Two deaths occurred during year 1 (one organ failure and one acute respiratory distress syndrome) and no deaths during year 2. In addition, 78.6% of patients reported at least one readmission post-bone marrow transplant due to either bacterial infection (n = 41) or viral reactivation (n = 36).

“The data showed durable donor engraftment at 2 years with low mortality, and 2-year EFS and OS are comparable to historically reported outcomes after matched sibling myeloablative bone marrow transplant,” Hanna told Healio. “These results are promising to enable higher access to this life-saving therapy for adult patients with severe sickle cell disease as the haplo-donor availability is almost universal. Additionally, the ability to get sustained engraftment with reduced intensity enables us to offer it to more patients with disease complications and severe end-organ toxicity such as stroke and pulmonary hypertension — a population typically excluded from participating in myeloablative gene-therapy and gene-editing trials.”
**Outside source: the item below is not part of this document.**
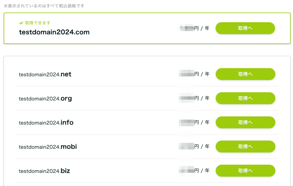 検索結果には、ドメインが取得可能かどうかと価格 (年間) が表示されます。

Further, haploidentical-bone marrow transplant resulted in decreased treatment costs, Kassim said.

“What is important is the varying costs of the three procedures,” he said. “We have to realize that 5% of patients with sickle cell disease are born in high-income countries, and the remaining 95% are born in low- to middle-income countries. The ‘sticker price’ for haploidentical-bone marrow transplant in the U.S. is $200,000 to $400,000 compared with $3 million for the FDA-approved gene therapy and $2.2 million for CRISPR — which of the three is scalable to the 95% of the population that needs treatment?”

Future research

Researchers are awaiting completion of pediatric arm of the trial, which is anticipated at the end of the 2-year follow-up.

“Curative options, including allogenic haplo-bone marrow transplant can potentially cure adult patients with severe sickle cell disease, and this study showed the safety and feasibility of almost universal donor with very promising efficacy,” Hanna said.

This is an exciting time to manage patients with sickle cell disease, Kassim said.

“We now have the approval from the FDA for two cell-based gene therapies to treat sickle cell disease,” he continued. “Now that we have a collection of curative agents, this is the time to choose which treatment to pick.”